Cases Where Header-Data Split Is Not Used

This topic provides an overview of the cases where a header-data split provider must not split Ethernet frames. For a listing of the minimum requirements that a provider must meet to support header-data split, see Minimum Requirements for Supporting Header-Data Split.

Note  There are cases where a received frame can be split outside of the header-data split provider requirements. That is, the header-data split requirements only apply to header-data split providers. In these cases, never split Ethernet frames in the middle of the IP header, IPv4 options, IPsec headers, IPv6 extension headers, or upper-layer-protocol headers, unless the first MDL contains at least as many bytes as NDIS specified for lookahead size.

All Ethernet frames that are not split must follow the general NDIS rules and requirements. For example, the first MDL in the chain of MDLs in a received NET_BUFFER structure must contain either the lookahead part of the frame or the entire Ethernet frame (whichever is smaller) in a virtually contiguous buffer. NDIS sets the size of lookahead with the OID_GEN_CURRENT_LOOKAHEAD OID.

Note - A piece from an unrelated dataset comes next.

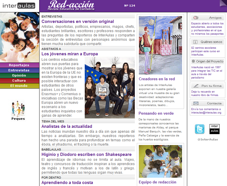 Los reportajes, entrevistas, noticias y opiniones de los escolares de Cantabria publicados en ‘Red-acción’ durante el pasado curso 2014/2015 pueden leerse en el nuevo número de la revista digital intercentros del Proyecto InterAulas. Artistas como José Ramón Sánchez, deportistas como Ruth Beitia, escritores como Benjamín Prado o políticos como Iñigo dela Sernapasaron por los micrófonos de los aprendices de periodista, que también mostraron su centro escolar “por dentro” y contaron las salidas didácticas, las actividades medioambientales y las experiencias solidarias.

Header-data split providers:

  • Do not split non-IP frames.

  • Do not split frames if they cannot be split in one of these locations: at the beginning of the upper-layer-protocol header, the beginning of the TCP payload, or the beginning of the UDP payload.

  • Do not split frames that would exceed the maximum configured header size unless the header can be split at the beginning of the upper-layer-protocol header. For more information about the maximum header size, see Allocating the Header Buffer.

  • Do not split frames that contain IPv4 options that the NIC does not recognize.

  • Do not split frames that contain IPv6 extension headers that the NIC does not recognize.

  • Do not split frames that contain TCP options that the NIC does not recognize unless they can be split at the beginning of the TCP header.